====== EXERCISE INPUTS
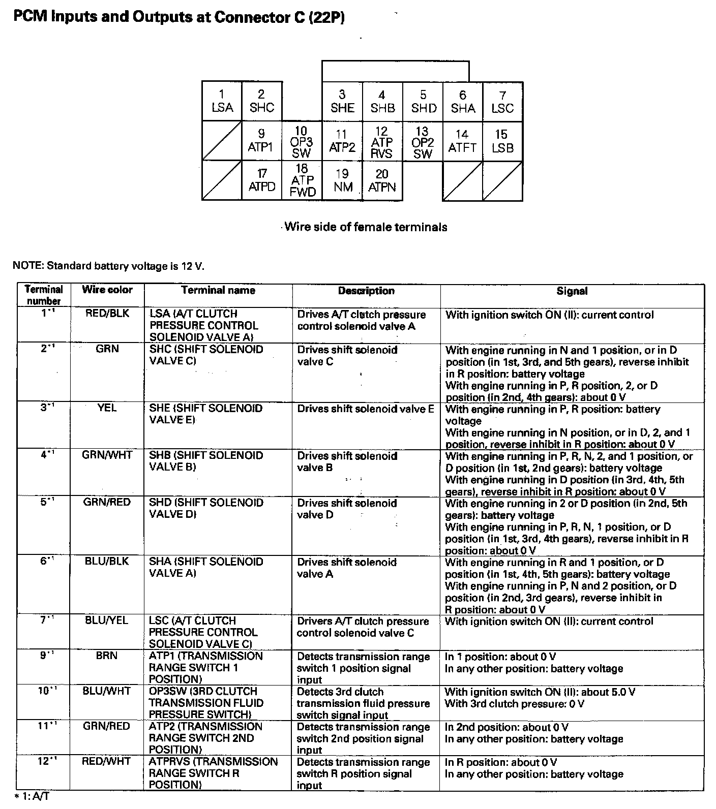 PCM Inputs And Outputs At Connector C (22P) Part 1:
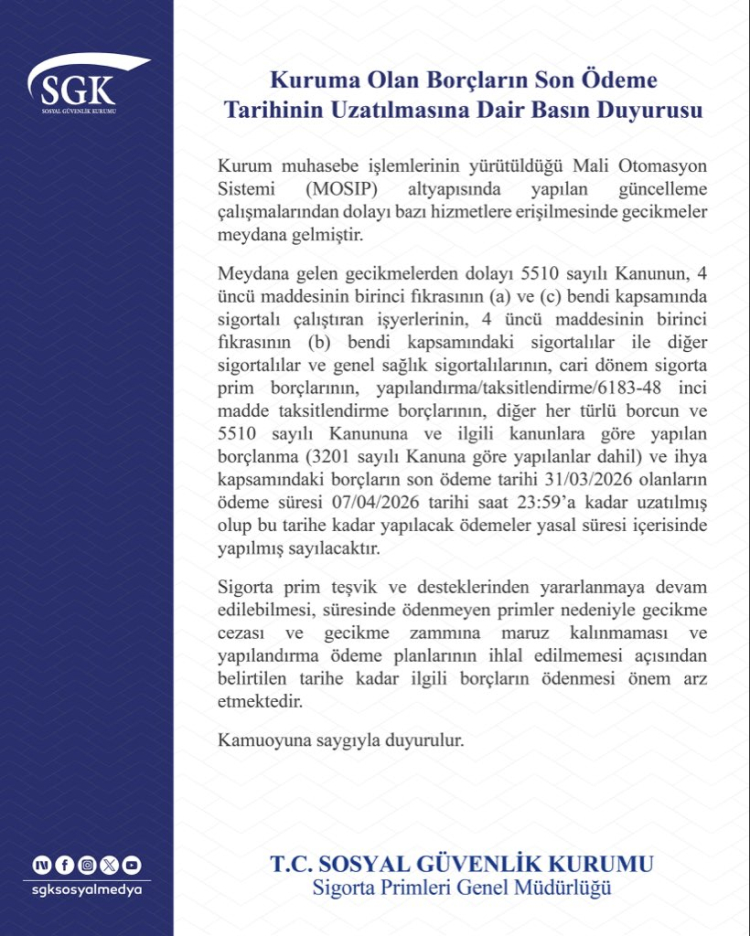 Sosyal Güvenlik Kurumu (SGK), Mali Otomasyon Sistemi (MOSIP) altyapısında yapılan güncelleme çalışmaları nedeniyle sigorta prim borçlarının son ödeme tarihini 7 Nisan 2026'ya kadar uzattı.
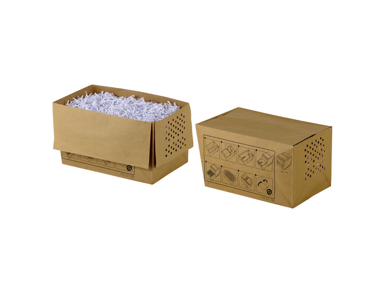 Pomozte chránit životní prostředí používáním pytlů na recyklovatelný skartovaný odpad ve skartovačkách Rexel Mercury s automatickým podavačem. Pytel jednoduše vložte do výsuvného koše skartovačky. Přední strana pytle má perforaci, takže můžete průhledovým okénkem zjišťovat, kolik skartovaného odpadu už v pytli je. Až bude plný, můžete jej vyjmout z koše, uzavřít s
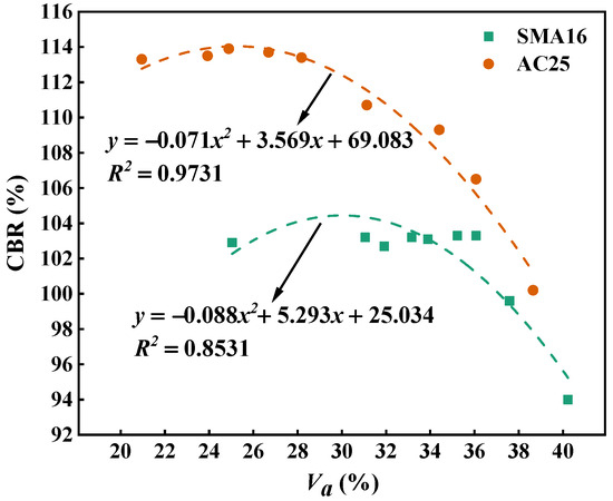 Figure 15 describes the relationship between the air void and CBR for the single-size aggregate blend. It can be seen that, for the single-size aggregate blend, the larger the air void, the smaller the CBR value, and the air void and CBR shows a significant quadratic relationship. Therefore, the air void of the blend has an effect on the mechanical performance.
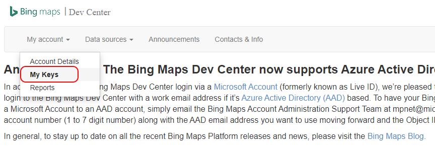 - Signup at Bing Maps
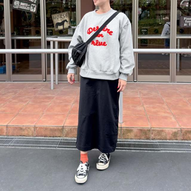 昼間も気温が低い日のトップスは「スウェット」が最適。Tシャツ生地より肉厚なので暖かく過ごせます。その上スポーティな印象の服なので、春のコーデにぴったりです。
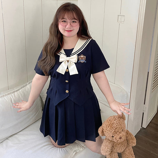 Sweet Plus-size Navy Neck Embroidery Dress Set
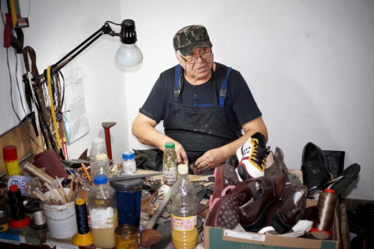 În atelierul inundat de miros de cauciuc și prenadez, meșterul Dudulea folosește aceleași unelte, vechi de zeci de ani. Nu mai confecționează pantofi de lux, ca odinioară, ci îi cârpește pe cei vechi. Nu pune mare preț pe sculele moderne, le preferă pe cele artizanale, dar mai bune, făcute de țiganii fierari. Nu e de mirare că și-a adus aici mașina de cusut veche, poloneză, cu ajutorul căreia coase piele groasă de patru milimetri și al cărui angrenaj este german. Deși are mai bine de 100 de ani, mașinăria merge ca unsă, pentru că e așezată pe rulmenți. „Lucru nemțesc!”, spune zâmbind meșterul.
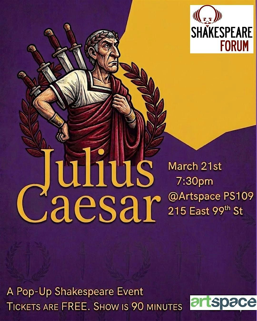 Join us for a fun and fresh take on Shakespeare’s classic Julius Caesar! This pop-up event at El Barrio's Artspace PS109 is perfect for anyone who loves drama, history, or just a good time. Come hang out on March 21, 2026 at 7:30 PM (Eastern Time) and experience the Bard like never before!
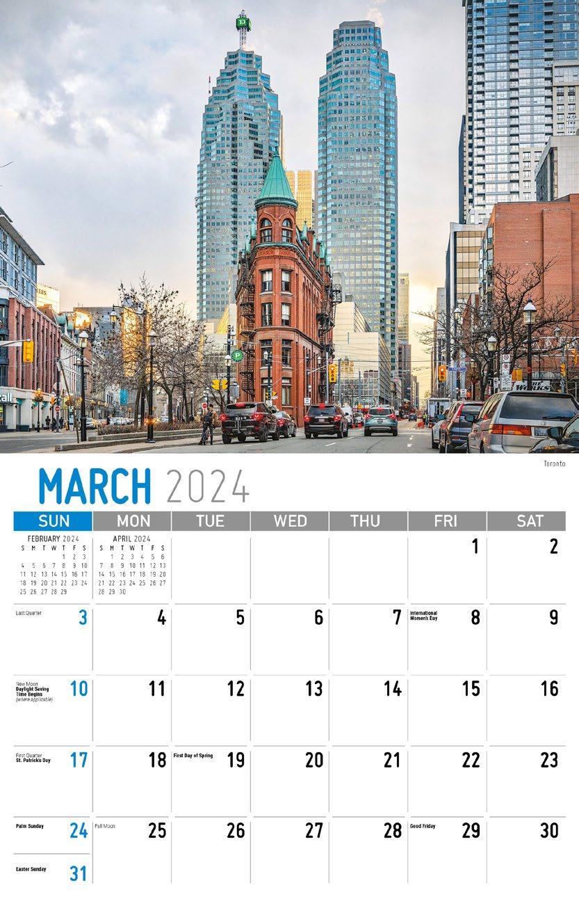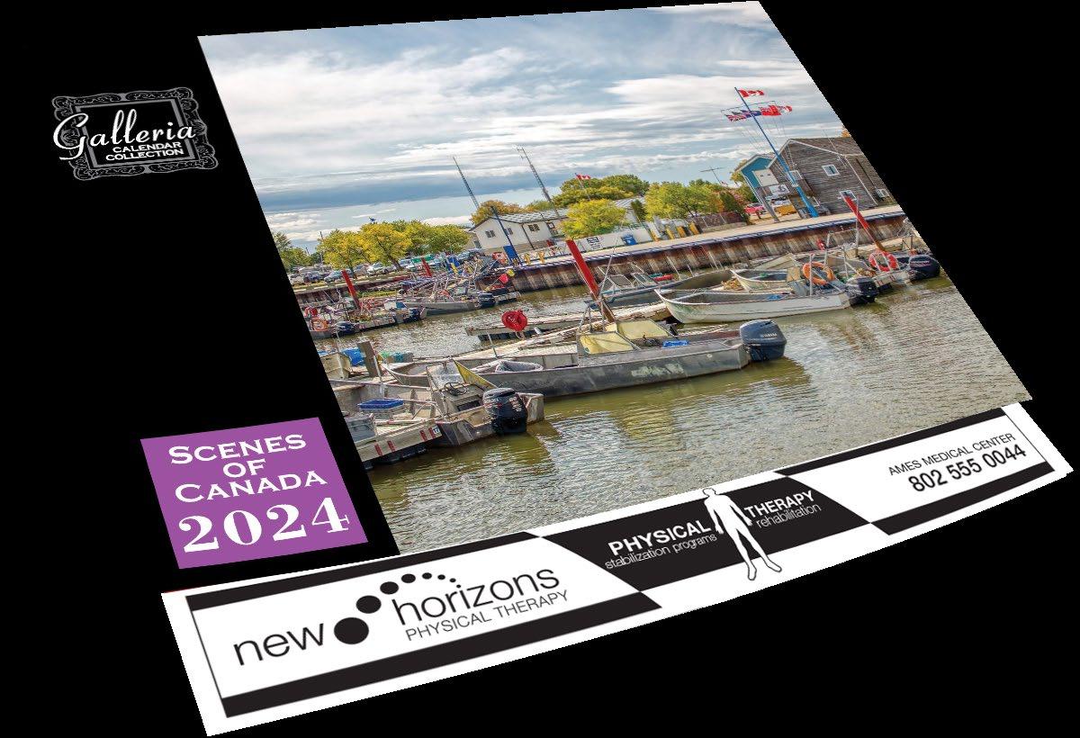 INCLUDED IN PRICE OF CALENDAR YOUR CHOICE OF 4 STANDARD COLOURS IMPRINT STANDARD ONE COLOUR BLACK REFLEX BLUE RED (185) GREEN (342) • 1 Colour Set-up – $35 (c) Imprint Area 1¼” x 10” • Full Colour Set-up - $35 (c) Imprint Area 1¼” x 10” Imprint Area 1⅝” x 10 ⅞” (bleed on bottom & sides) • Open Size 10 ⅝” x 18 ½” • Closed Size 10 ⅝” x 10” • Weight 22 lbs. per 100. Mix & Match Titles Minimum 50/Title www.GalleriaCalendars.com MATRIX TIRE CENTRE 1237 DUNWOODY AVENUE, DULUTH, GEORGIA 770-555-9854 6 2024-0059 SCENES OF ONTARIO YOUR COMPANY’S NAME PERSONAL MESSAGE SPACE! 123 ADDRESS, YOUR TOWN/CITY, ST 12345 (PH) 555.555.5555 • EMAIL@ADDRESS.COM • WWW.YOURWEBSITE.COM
============
====== EXERCISE INPUTS
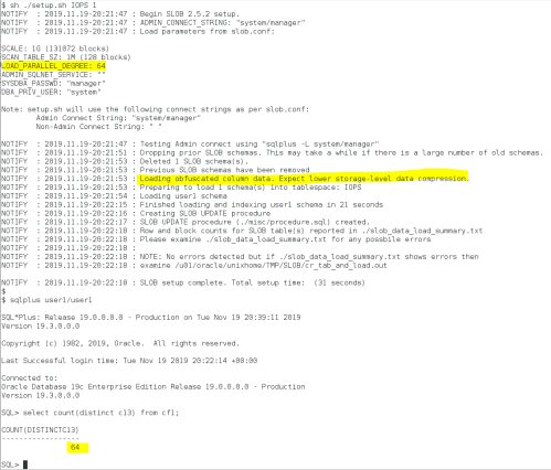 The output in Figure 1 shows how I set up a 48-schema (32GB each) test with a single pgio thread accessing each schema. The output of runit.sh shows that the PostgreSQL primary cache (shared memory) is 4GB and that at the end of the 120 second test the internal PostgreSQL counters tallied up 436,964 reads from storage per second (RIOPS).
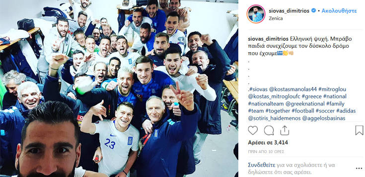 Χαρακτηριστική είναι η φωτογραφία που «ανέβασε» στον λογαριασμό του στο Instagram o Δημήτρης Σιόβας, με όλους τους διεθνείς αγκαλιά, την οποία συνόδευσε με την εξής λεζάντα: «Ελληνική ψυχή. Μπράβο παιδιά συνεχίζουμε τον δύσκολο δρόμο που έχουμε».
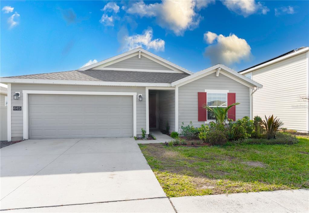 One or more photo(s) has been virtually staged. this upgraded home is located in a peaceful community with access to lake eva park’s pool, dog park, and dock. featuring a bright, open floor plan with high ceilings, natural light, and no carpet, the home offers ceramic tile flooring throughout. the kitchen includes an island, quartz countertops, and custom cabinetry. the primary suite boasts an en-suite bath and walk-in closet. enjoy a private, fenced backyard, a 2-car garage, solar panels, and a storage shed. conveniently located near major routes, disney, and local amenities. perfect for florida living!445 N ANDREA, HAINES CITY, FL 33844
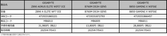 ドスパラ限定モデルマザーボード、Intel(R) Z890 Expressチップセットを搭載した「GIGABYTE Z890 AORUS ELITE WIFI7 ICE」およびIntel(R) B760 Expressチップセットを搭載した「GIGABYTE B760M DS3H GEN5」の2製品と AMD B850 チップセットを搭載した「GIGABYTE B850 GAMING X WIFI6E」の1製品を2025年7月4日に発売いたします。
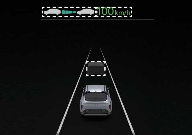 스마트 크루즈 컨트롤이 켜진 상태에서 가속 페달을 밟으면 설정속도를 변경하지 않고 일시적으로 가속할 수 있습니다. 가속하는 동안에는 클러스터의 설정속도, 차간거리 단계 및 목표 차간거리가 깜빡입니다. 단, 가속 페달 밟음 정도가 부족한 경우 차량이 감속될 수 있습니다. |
============
* EXERCISE AIM *
Reproduce the data above exactly, but only from the line containing "昼間も気温が低い日のトップス" through the line containing "Sweet Plus-size Navy". Omit all pictures.

* ANSWER TO THIS TASK *
 昼間も気温が低い日のトップスは「スウェット」が最適。Tシャツ生地より肉厚なので暖かく過ごせます。その上スポーティな印象の服なので、春のコーデにぴったりです。
 Sweet Plus-size Navy Neck Embroidery Dress Set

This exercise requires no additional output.